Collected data
----

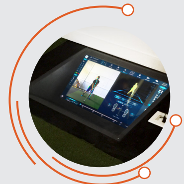
STATE OF THE ART TECHNOLOGY
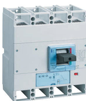
4 225 59

S1 electronic release MCCBs from 630 to 1600 A
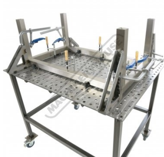
Shown With Optional Square Tube Framing Kit 4
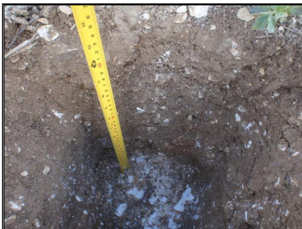
Plate 17 : Soil Profile 2 at TH8 - agricultural soil (calcareous)

Very pale brown (Munsell Colour 10YR 8/3) dry fractured CHALK.
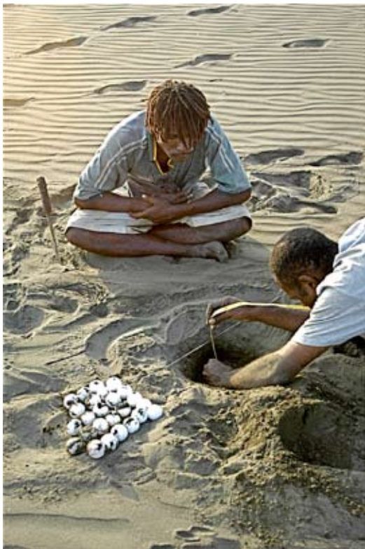
Figure 7. Carettochelys insculpta in Papua New Guinea nests on sand bars in the upper reaches of rivers, but also along the coast (as in this photo) where its nests are periodically inundated by the tides.

billabongs and plunge pools of the Alligator Rivers region (Legler 1980, 1982; Press 1986; Georges and Kennett 1989). The preferred dry season habitat in the Alligator Rivers region is typified by Barramundi Creek (Legler 1982) and Pul Pul Billabong (Georges and Kennett 1989). Average depth was approximately 2 m but there were holes between 3 and 7 m deep. The substratum was sand and gravel covered with a thin layer of fine silt and litter. Fallen trees and branches, undercut banks, exposed tree roots, and local accumulations of litter provided a diverse range of underwater cover for turtles. The banks of the billabongs
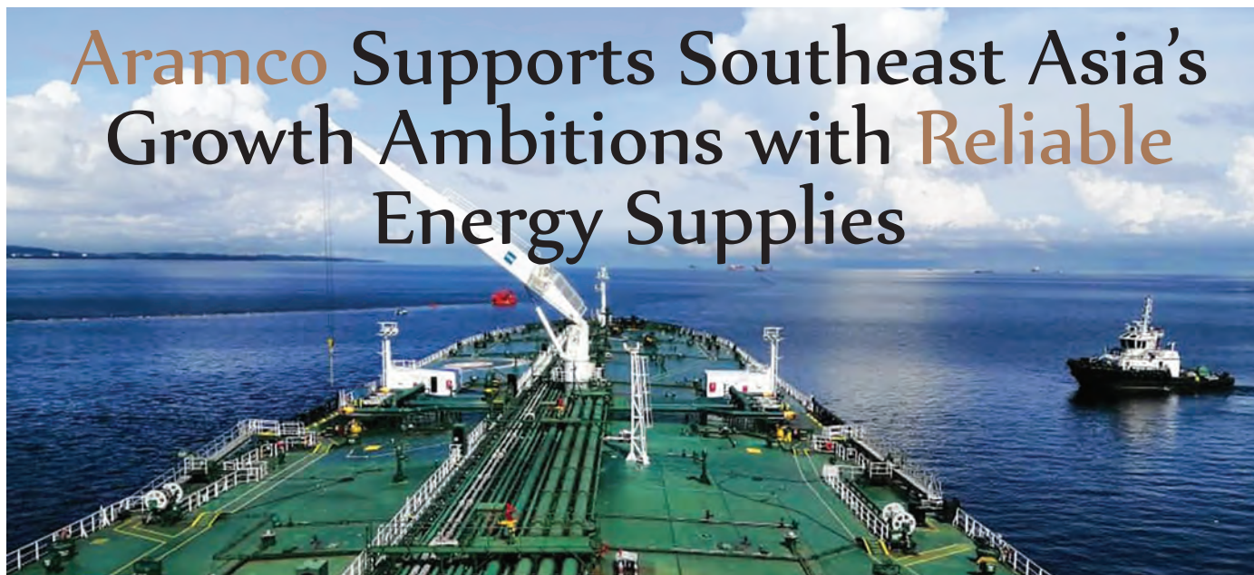
Aramco delivered its first direct Arabian Crude cargo to Brunei Darussalam in June 2020

The Association of Southeast Asian Nations (ASEAN) is a major global hub of manufacturing and trade, as well as one of the fastest-growing consumer markets in the world. Taken as a whole, ASEAN is the third-fastest growing economy in Asia - and it is now the world's fifth-largest economy, and the third-largest in Asia. It is projected to rank as the fourth-largest economy globally by 2050.
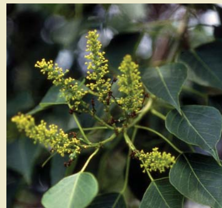
Chinese tallowtree ( Sapium sebiferum )

Watch List B: Exotic plant species that are severe problems in surrounding states but have not been reported in Tennessee.
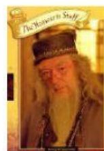
headmaster, principal, ( xiào zhǎng )
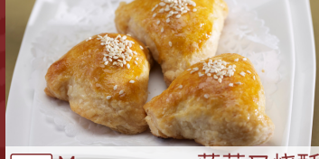
M 菠萝叉烧酥 BBQ Pork Pineapple Turnover Pastry
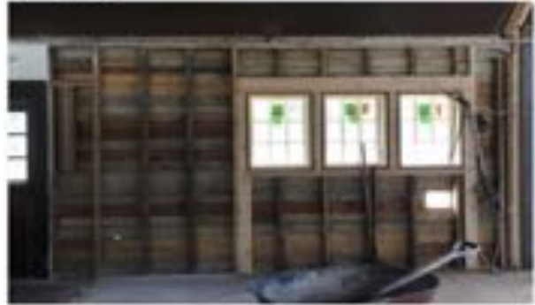
Aug 18 - new windows in old chancel area
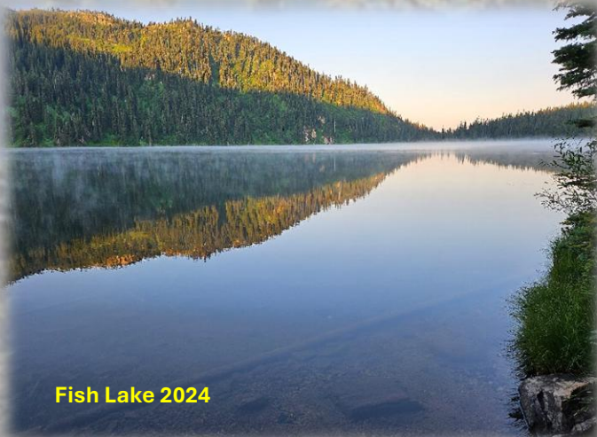
Fish Lake 2024

crosses Long Creek and stays left of the Clearwater River. If you cross the river and get to the Cedars Campground, you have gone too far. Stay on road #250 for another half (.5) mile then stay left on road #295 up Lake Creek for about 4.5 miles. There will be a picnic area / trailhead with a vault toilet at the intersection.
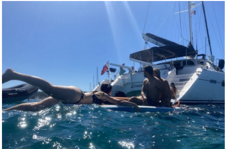
Time for fun
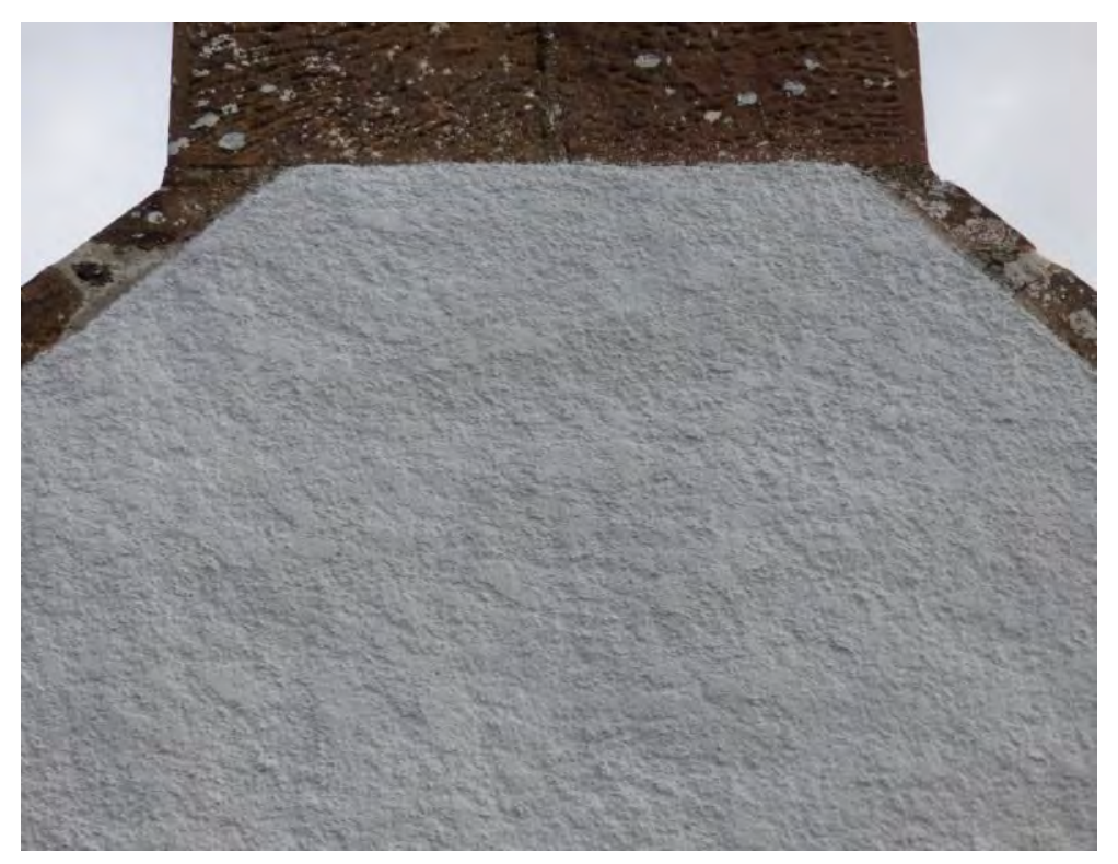
Figure 11.2 Close-up of the harling termination at the chimney.
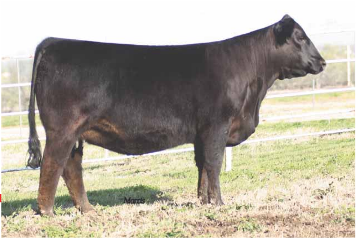
Grandam of Lot 31. ELCX Underthecovesr 201U
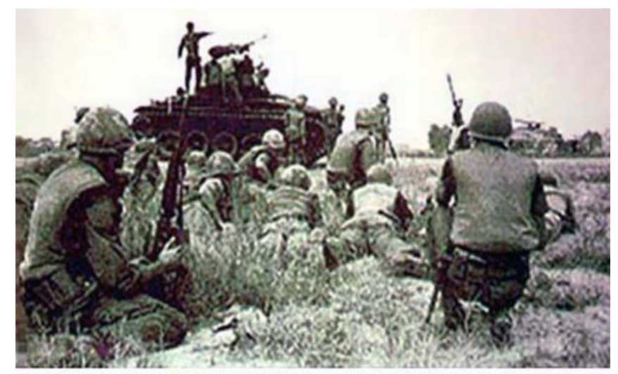
Members of the 377th SPS, supported by armor, move to resecure Tan Son Nhut AB after penetration by Communist forces on January 31st, 1968.
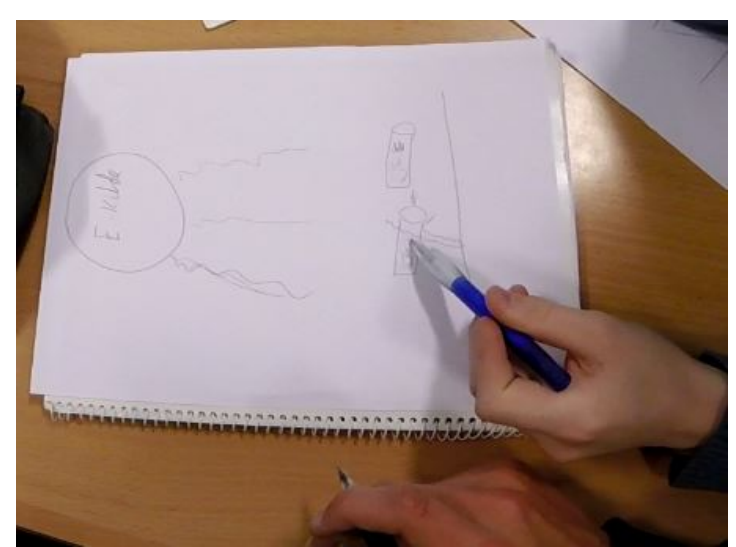
Figure 4. The students working on their joint drawing of the greenhouse effect

In this case, the containers used were not open beakers, but plastic bottles. One bottle contained ordinary air and the other a larger percentage of carbon dioxide. The same working lamp as in Case 1 was used, and a black sheet of paper was positioned behind the bottles, functioning as the earth's surface. In Excerpt 2, the four students Chris, Lea, Siri and William (pseudonyms) are sketching a joint drawing, with Chris as the main author. They struggle with how to explain the roles that the absorption and reflection of radiation play in the greenhouse effect and how to demonstrate it in their drawing. In the drawing, they have already drawn an energy source, radiation from the energy source, two bottles with different gaseous content and a black sheet behind the bottles (see Figure 4).
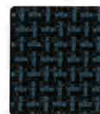
QS Solitaire Midnight
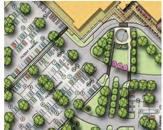
Eugene CBOPC Peer Review, OR (VA)
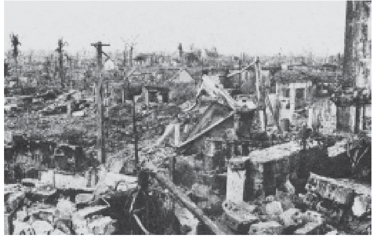
Fig. 13 – In December 1972 Hanoi was bombed.

The tonnage of bombs, including chemical arms, used during the US intervention (mostly against civilian targets) in Vietnam exceeds that used throughout the Second World War.
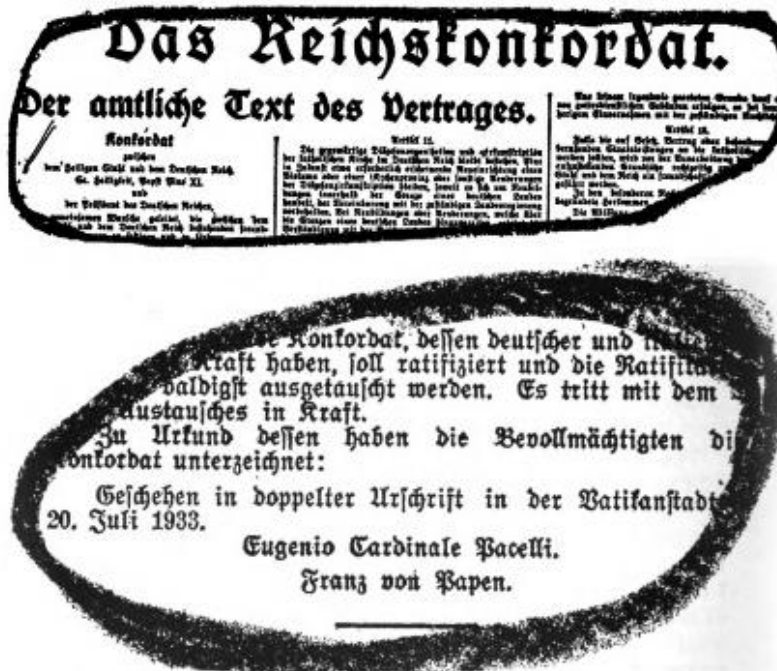
The text ends as above: "Signed in duplicate in Vatican City on July 20, 1933. EUGENIO CARDINALE PACELLI FRANZ von PAPEN."

Article 16 of the above concordat between Hitler and the Vatican gives the wording of the oath that all German bishops are obliged to take before the Reichstatthalter , as follows:
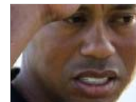
Celeb Train Wrecks
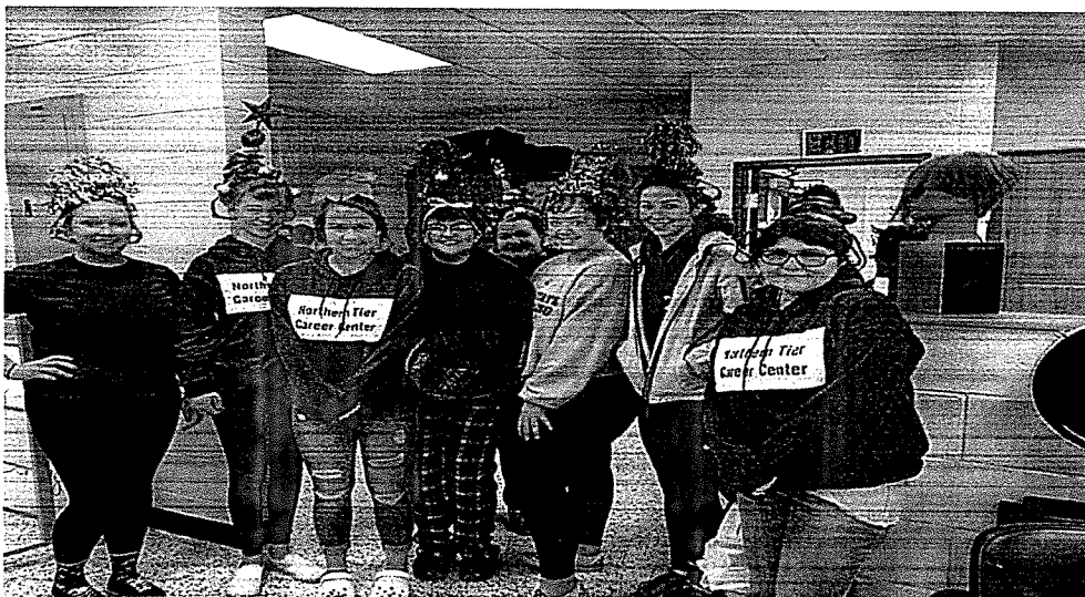
Cosmetology Students Christmas Up-Do's
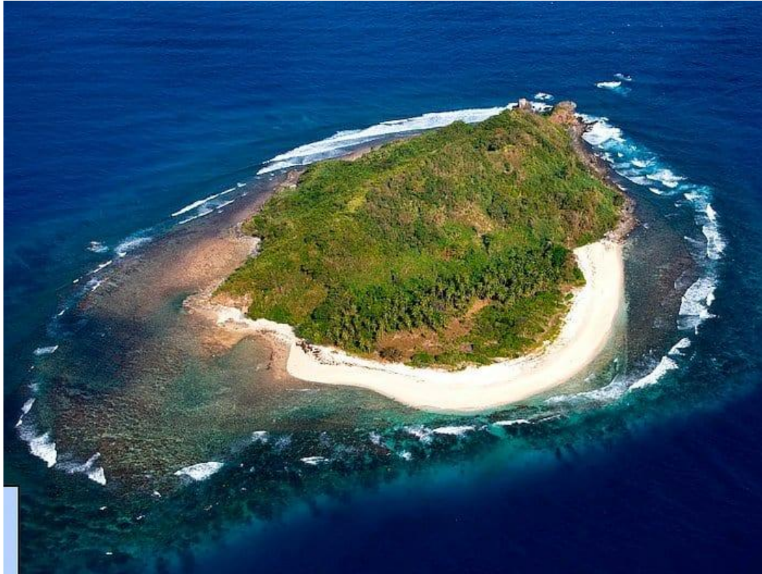
Bolina island, one of the several ones you can rent for yourselves and camp out on alone.

One good thing about customizing your own tour, besides the ability to evade the crowds and group tours, is that you can choose from a variety of accommodation. From air-conditioned hotels, to beach huts, to camping on a deserted island – the world is your oyster. Or simply tell us your preferences and we'll prepare a package proposal for you.

----

Look above for the line with "Members of the"; quote it and every line after it, stopping after the line with "Figure 4. The", exactly, with nothing added and without pictures.

> [Answer to this problem]
Members of the 377th SPS, supported by armor, move to resecure Tan Son Nhut AB after penetration by Communist forces on January 31st, 1968.
Figure 4. The students working on their joint drawing of the greenhouse effect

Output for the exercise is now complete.